I have following data
......
6 4 4 17 154 93 309 0 11930
7 3 2 233 311 0 11936 11932 111874
8 3 1 15 0 11938 11943 211004 11449
9 3 2 55 102 0 11932 11941 111883
10 3 2 197 231 0 11925 11921 111849
11 3 2 160 777 0 11934 11928 111875
......
I hope to replace any values greater than 5000 to 0, from column 4 to column 9. How can I do this work with awk?

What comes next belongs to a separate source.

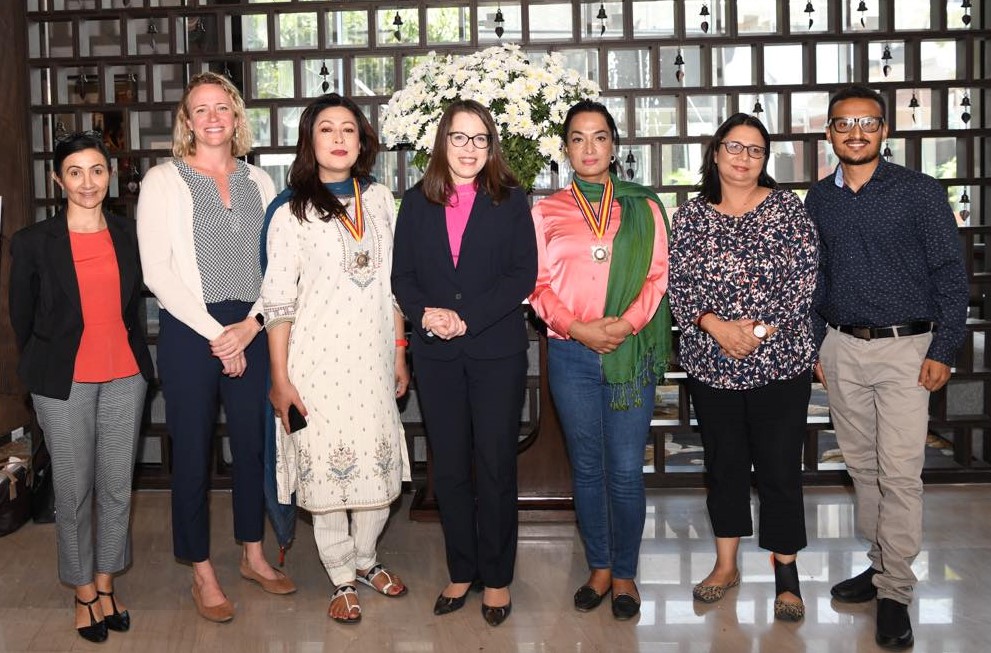 काठमाडौं । नेपाल भ्रमणमा रहेकी अमेरिकी उपसहायक विदेशमन्त्री केली काइडरलिङले अन्तर्राष्ट्रिय साहसी महिला पुरस्कार विजेता तथा नेपाली ‘एलजीबीटीक्युआई प्लस’ अभियन्ता भूमिका श्रेष्ठसँग भेट गरेकी छन् ।

To print with lots of spaces like the input, something like this:
awk '{for(i=4;i<=NF;i++)if($i>5000)$i=0; for(i=1;i<=NF;i++)printf "%7d",$i;printf"\n"}' file
Output
6 4 4 17 154 93 309 0 0
7 3 2 233 311 0 0 0 0
8 3 1 15 0 0 0 0 0
9 3 2 55 102 0 0 0 0
10 3 2 197 231 0 0 0 0
11 3 2 160 777 0 0 0 0
For scrunched up together (TM) output, you can use this:
awk '{for(i=4;i<=NF;i++)if($i>5000)$i=0}1' file
6 4 4 17 154 93 309 0 0
7 3 2 233 311 0 0 0 0
8 3 1 15 0 0 0 0 0
9 3 2 55 102 0 0 0 0
10 3 2 197 231 0 0 0 0
11 3 2 160 777 0 0 0 0
An alternative approach (requires gawk4+):
{
patsplit($0, a, "[0-9]+", s)
printf s[0]
for (i=1; i<=length(a); i++){
if(i>4 && a[i]>5000) {
l=length(a[i])
a[i]=0
}
else l=0
printf "%"l"s%s", a[i], s[i]
}
printf "\n"
}
It is more flexible when the spacing would vary, as opposed to the example data. It might also be faster than the accepted answer, in case the number of fields is way bigger than 9.